You pump a fist like a golfer that’s just made a difficult shot as you walk past Alfred. “Well, to be fair, I’ve seen and been through a lot of shit since then. I’m anxious about other things now, my man.”
You putter around the mansion (which consists of trying to help Alfred with his daily tasks and failing), until Alfred wordlessly leads you to the dining room. Just as you’re about to ask about the books on the shelves, he moves the hands on the grandfather clock and sweeps and arm towards the stairs. “Master Bruce should be back in about an hour.”
You don’t say it, but you know he’s just trying to get you out of his hair. You at least have the decency to act accordingly; heading down the stairs with an apology and a sheepish smile on your face.
*
You’ve been down here for about an hour and some change, sitting and spinning in the chair in front of the computer, about to boot up another 45 minute YouTube video about some board game, when the waterfall at the end of the drive parts, and a motorcycle comes speeding inside. It comes to an abrupt stop in the circle a couple of yards away from you. Looking closer, you see it’s the Red Hood. He rips off his helmet, throwing it to the ground.
“Dumb fucker, how is it my fault those assholes caught us? Can’t even fuckin’ sneeze in front of the Bat without him blaming me for a typhoon in the Philippines. The kid was fine, I don’t- “ He cuts himself off as he locks eyes with you.
“Damn, how many blue-eyed, black haired orphans does Bruce know?” You don’t mean to say, but it slips out anyway. Red Hood immediately goes on the offensive, stalking towards you, when the waterfall parts again, and the Batmobile comes screeching in. Damian jumps out, flips over to his father’s side, lending him a hand as he hobbles out.
Bruce spots you instantly. “Why are you down here.”
You raise your hands defensively, eyes wide. “I was annoying Alfred, so he popped me down here where he wouldn’t hear my screams anymore.”
He wants to respond, but winces, so you hop out of your chair to go help him.
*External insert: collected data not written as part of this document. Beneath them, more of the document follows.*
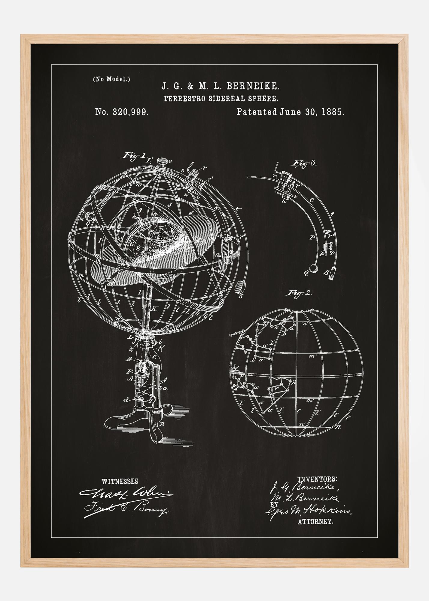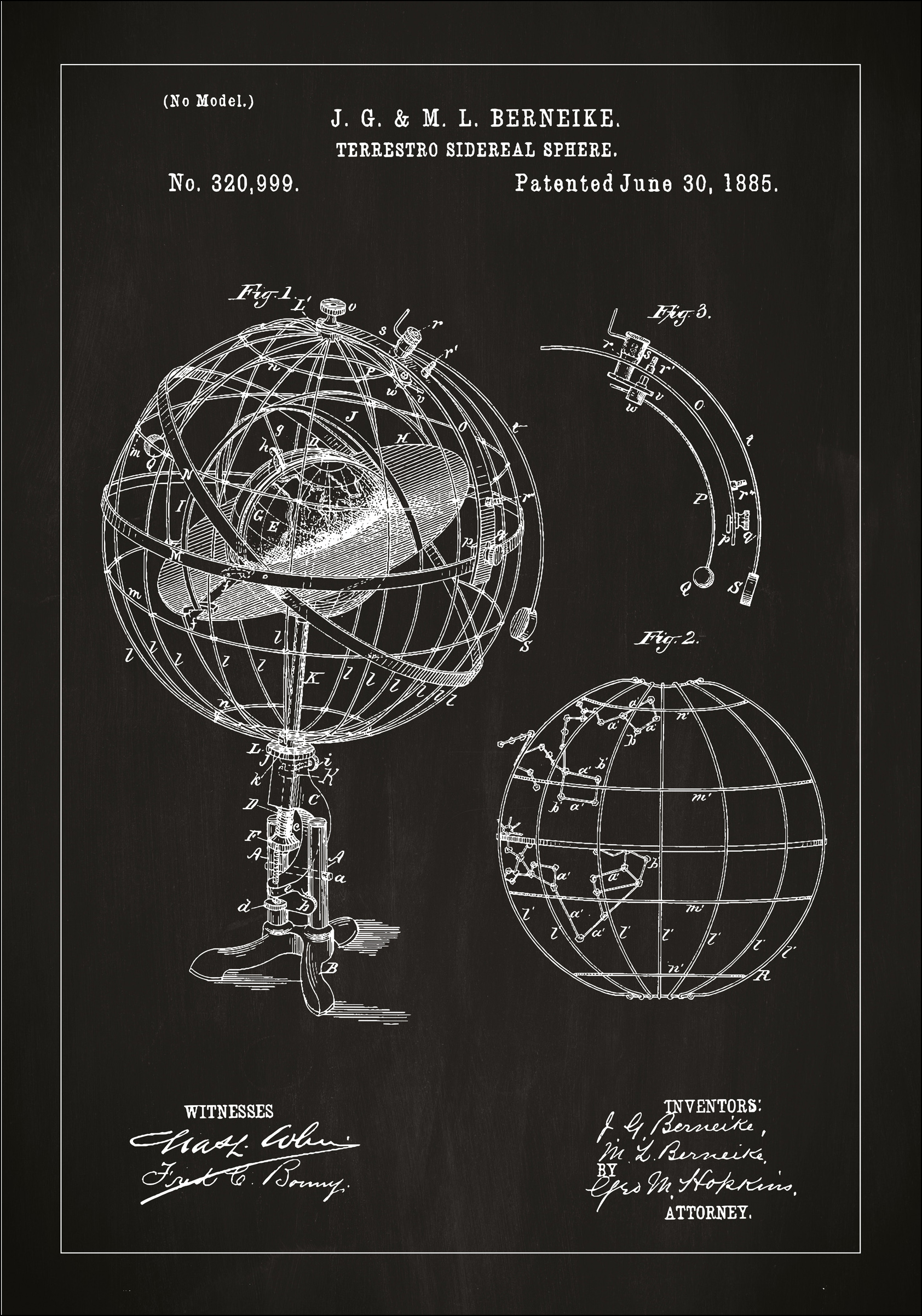 Šis unikalus patento plakatas pristato išradingą ir detalią patentuotą Terrare Sidereal Sphere brėžinį, patentuotą 1885 m. birželio 30 d. J.G. & M.L. Berenike. Šiame sudėtingame dizaine atsispindi XIX amžiaus inovacijų techninė meistrystė ir suteikia istorijos dvelksmą. Iliustracija sudaryta iš sudėtingų geometrinių formų, kurios kartu kuria dangaus kūnų judėjimo modelį, atsižvelgiant į žemę, ir atspindi to laikotarpio įdomias astronomines žinias.
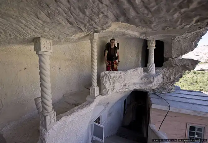Место стоит внимания. Прямо в отвесном срезе скалы выдолблены гроты, в которых размещаются кельи монахов:
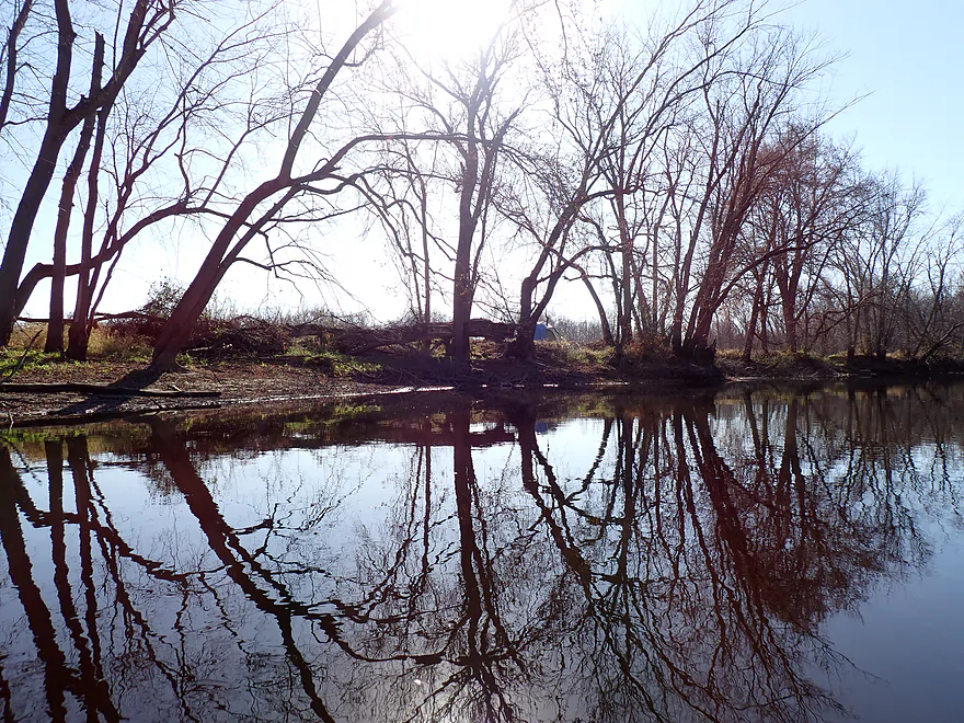 - Hwy P Landing (6.0 miles downstream from Hwy F): Hwy P is a great access. The stretch between Hwy P and Hwy F is slow but pleasant.

Jason watches the exchange and starts forcibly laughing. “Aren’t you a little old to be a new sidekick? Don’t tell me he’s got you convinced of his ‘grand plan’ for Gotham. It’s all horseshit, y’know?”
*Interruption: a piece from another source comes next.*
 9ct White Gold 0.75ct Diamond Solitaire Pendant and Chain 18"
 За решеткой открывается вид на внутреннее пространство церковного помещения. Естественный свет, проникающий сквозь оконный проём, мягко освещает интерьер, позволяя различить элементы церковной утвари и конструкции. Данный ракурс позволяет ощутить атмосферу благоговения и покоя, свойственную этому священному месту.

“Jason.” Bruce staggers, and you buckle under his weight. Damian doesn’t even flinch (despite being shorter than you. You try not to feel miffed about it), just starts walking towards what you assume is their medical bay. You hobble beside him, trying support more of his weight. Hearing a screeching noise, you look back to see another motorcycle park itself beside the car, Batgirl popping off the bike and rushing past you into the next room, no doubt getting stuff ready.
You get him onto the table (well, Damian does, really), and Alfred apparently summons himself downstairs, knowing what’s going on without anyone saying anything. Cass passes him stuff as needed, while you’re plastered to the wall, watching with wide eyes. Thankfully it’s nothing too bad, just some gashes and wicked nasty looking bruises. Some stitches and whatever military-grade Neosporin they have on hand should do the trick, if you were to hazard a guess. Alfred gently pushes you from the room, assuring you that Bruce will be fine. Jason is waiting outside, arms crossed, waiting.
“So, what is it?”
You whip your head in his direction. “What?”
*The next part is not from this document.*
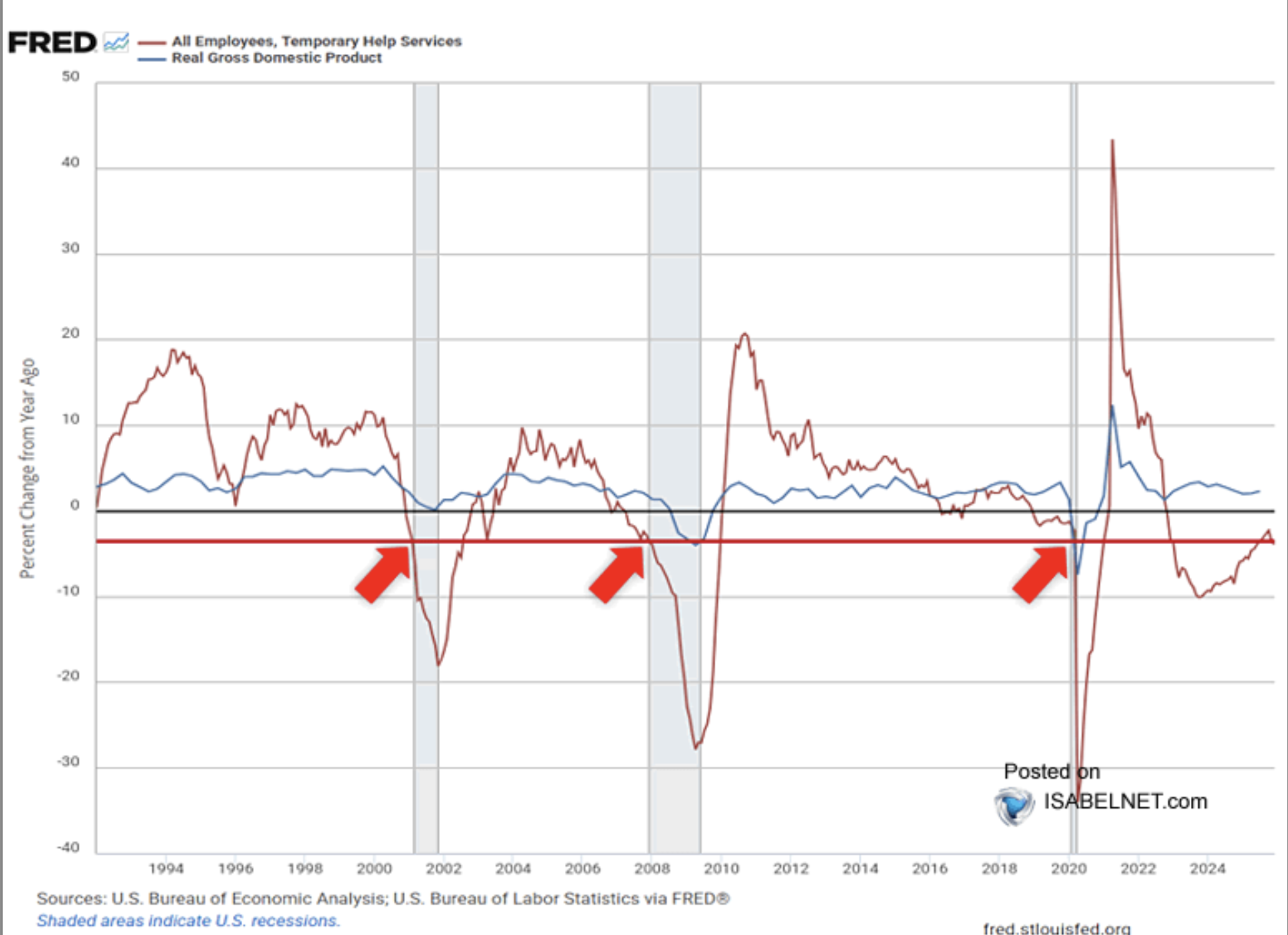 Son veriler, yıllık bazda geçici istihdamda belirgin bir düşüş yaşandığını göstermektedir. Bu düşüş, geçmişte resesyon öncesi dönemlerde sıkça gözlenen kritik eşiklerin altına inmiş durumda. Ancak reel ekonomik büyüme henüz pozitif seyrini sürdürüyor. Yani işgücü piyasasının en hassas bölümü zayıflarken, genel ekonomi bu olumsuz durumu henüz tam yansıtmamış durumda.
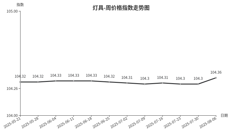 本周,灯具类周价格指数收于104.36点,环比上涨0.06点,主要是灯具配件、户外照明带动价格上涨,家居照明价格微涨。近期灯具采购需求略有下挫,灯头、光源、室外灯带、中高档道路灯、家居台灯成交量下滑,价格优惠力度减小,加之配套销售环节上调中高端产品价格,拉动平均成交价上涨。

“What’s making you stay. You evidently know everything there is. What’s not clicking? He doesn’t give a shit about you, really. All he cares about is cleaning up Gotham. You’re just a side piece. As soon as you get hurt, or even killed, he’ll just move on. Why not take your bag and go?” Jason asks, eyeing you up and down. Tears burn at the back of your eyes.
“Todd. Stop.” Damian pipes up from the computer, chair turned around to watch the display.
“No, I wanna know. What is it? The money? You could get more somewhere else.” He snorts, “It can’t be the baggage. There’s not enough therapy in the world for him to unpack all of his issues. Y’can’t fix him, that’s for damn sure. What makes him so interested in you? Damian gave me the rundown on your situation. Are you hoping to move into the Mansion and live happily ever after? Because it won’t happen.” His arms are uncrossed, and there’s a a cold fire behind his eyes. He knows he’s pushing all the right buttons as tears start to fall. One more push and-
“Fuck you.” Your voice cracks as you say, but it’s enough. “Don’t fucking talk to me like I’m some fucking wet cat Bruce picked up out of the trash. I may be a lot of things, but I’m not a gold digger. I don’t want his fucking money. I’m sure if I met him on the streets and he had not a penny to his name, we'dstill be together. I don’t give a shit. I love him for his heart, okay. Is that okay? Can I just live my fucking life? I’d be content living in my shitty little apartment for the rest of my life and having him over to let my cats rub all over him and sit with me. And y’know what? I dunno. I dunno why he likes me so much. But that’s fine! As long as we still love each other, I don’t care. I don’t know you, or what your fucking problem is, but you can eat my whole ass.” You turn on your heel and go back into the bay, tears still falling. “I’m gonna sit with my fucking boyfriend.”
You slam the door behind you and sit beside Bruce, finally wiping your eyes and pulling out your phone to fuck around on until he’s lucid enough to talk to. You’re loading up your favorite rhythm tapping game when you hear him croak, “Eating your ass is my job.”
You drop your phone in surprise, face inflamed. He’s got one eye cracked open, his fingers wiggling. You that that for the signal it is and intertwine your fingers with his. “You’re not gonna be able to eat any ass any time soon, y’know. Someone’s gotta pick up the slack while you’re outta commission.”
Bruce lets out a laugh, a real, genuine laugh, and you start laughing too, which devolves into hiccups.
The rest of the night, you make him watch the new Babysitter’s Club reboot with you on your phone, until he’s okay enough to go upstairs to his own bed. Bruce wouldn’t have it any other way.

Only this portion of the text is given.